People began to ooze toward Ellsworth Toohey; the right kind of people, those who soon found him to be a spiritual necessity. The other kind did not come; there seemed to be an instinct about it. When someone commented on the loyalty of Toohey’s following–he had no title, program or organization, but somehow his circle was called a following from the first–an envious rival remarked: “Toohey draws the sticky kind. You know the two things that stick best: mud and glue.” Toohey overheard it and shrugged, smiling, and said: “Oh, come, come, come, there are many more: adhesive plaster, leeches, taffy, wet socks, rubber girdles, chewing gum and tapioca pudding.” Moving away, he added over his shoulder, without smiling: “And cement.”

He took his Master’s degree from a New York university and wrote a thesis on “Collective Patterns in the City Architecture of the XlVth Century.” He earned his living in a busy, varied, scattered way: no one could keep track of all his activities. He held the post of vocational adviser at the university, he reviewed books, plays, art exhibitions, he wrote articles, gave a few lectures to small, obscure audiences. Certain tendencies were apparent in his work. When reviewing books, he leaned toward novels about the soil rather than the city, about the average rather than the gifted, about the sick rather than the healthy; there was a special glow in his writing when he referred to stories about “little people”; “human” was his favorite adjective; he preferred character study to action, and description to character study; he preferred novels without a plot and, above all, novels without a hero.

I replied as follows:

unformed youths“: Young people are still willing to learn. Their minds have not taken on a rigid form. These are the sorts of people who can be more easily misled.

religion bred selfishness“: Toohey wants people not to care about their own souls/minds/selves. Religion is an effort (however misguided) to perfect oneself so that one can deserve god’s favour/bounty/reward. Toohey wants people not to seek a personal reward, hence not to seek any god’s good graces.

Give your soul“: Same as the above. Toohey wants nobody to do what is good for himself. He wants the ejection of any moral conviction in which a person seeks to do what is (allegedly) good for himself. Moreover, he wants nobody to take any pride in being a good individual.

the destruction of one’s soul“: Soul = mind. Mind and body together, as one = self. Toohey wants not just the sacrifice of one’s body and property but of one’s capacity to think and choose (i.e., of one’s mind/soul). So long as you do not sacrifice your mind, you are an individual and, for Toohey, that’s a problem

He did not have much success among the poor boys working there way through college“: because they – by working – knew that there’s no such thing as a free lunch. One must produce the values that one trades for other values, such as education.

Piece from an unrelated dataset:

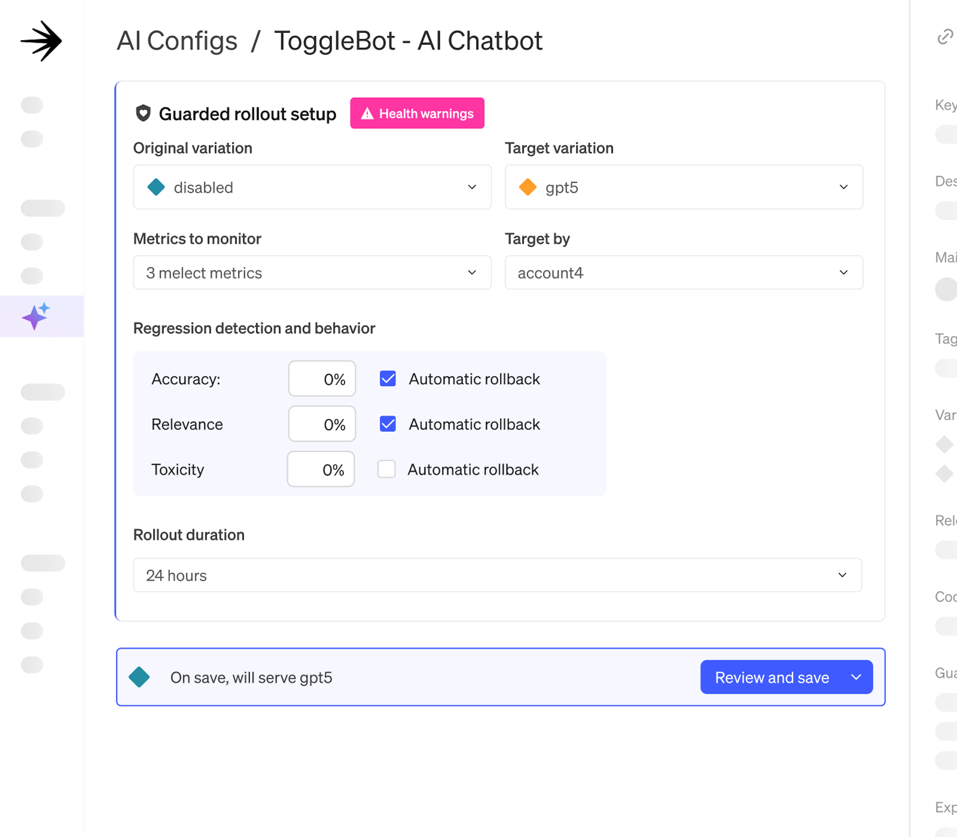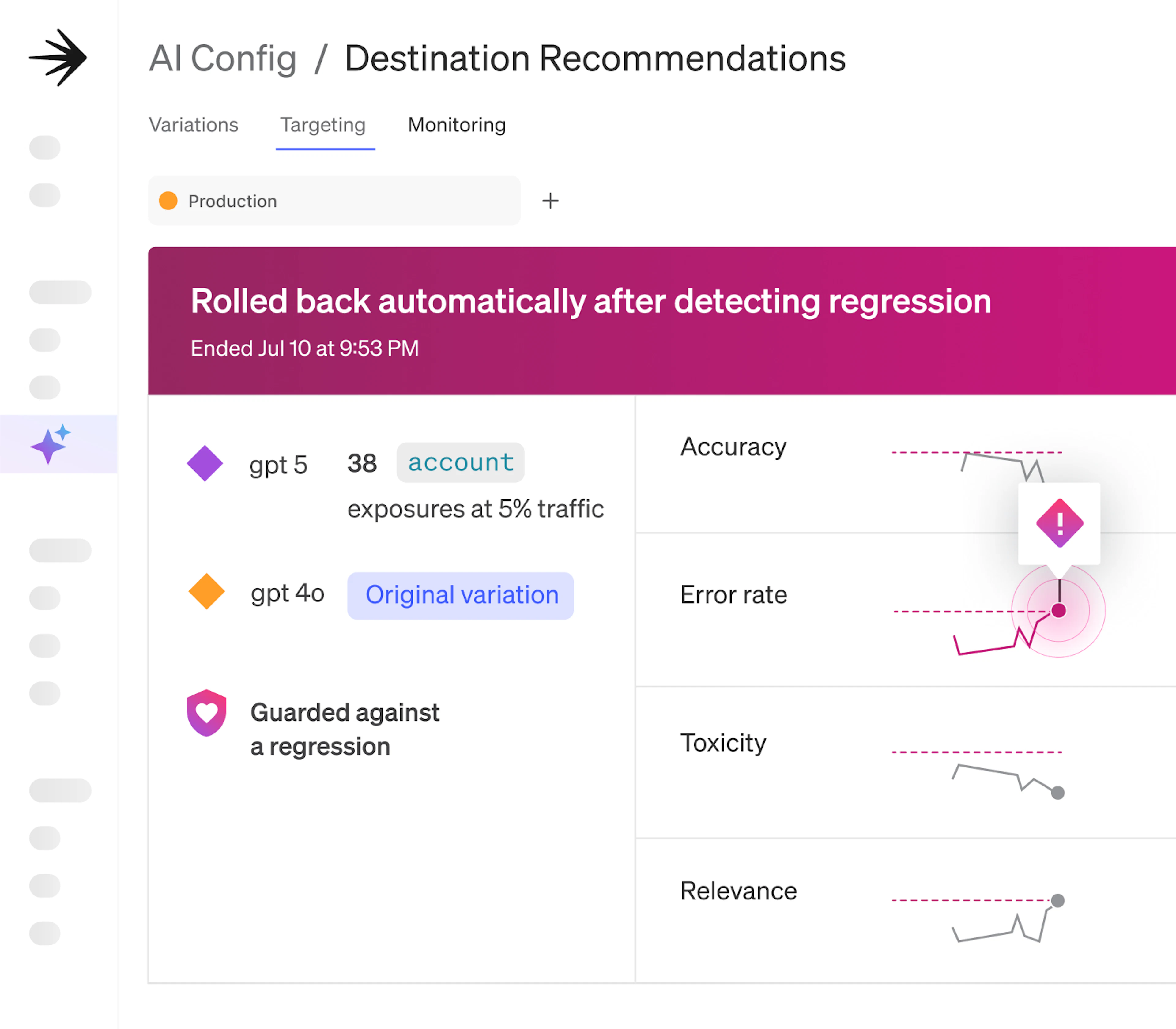 Use targeting rules and guardrails to find the right model or configuration for quality, speed, and cost.

He acquired a sizeable following among the young heirs“: because they did not have to earn their material wealth. They *effortlessly* could sacrifice large chunks of their wealth to others in order to obtain the outward appearance of moral superiority (as judged by the size of one’s sacrifices). In other words, they could obtain the appearance of virtue without actually earning it *if* they adopted Toohey’s collectivist ethics.

found him to be a spiritual necessity“: because, without Toohey’s knack at convincing people that sacrifice of the self is good, the “right kind” of people could not get the spiritual values (e.g., respect, admiration, love) they needed/craved but were unwilling to *earn*. They needed someone who essentially convinced people that to sacrifice of oneself (instead of to produce/make oneself a value) *is* to earn.

without a plot” / “without a hero“: Such novels tell one what IS, without involving one’s mind in any thought about what one OUGHT to do. Such novels, in other words, sever FACT from VALUE. Nothing, in such novels, is good or evil; nothing is better or worse. Everything just is. Such novels imply that there is no good/evil; that there is no better/worse and, if one is doing lots of things that are evil by an Objective moral code, it is comforting to be told that there is no such thing as evil.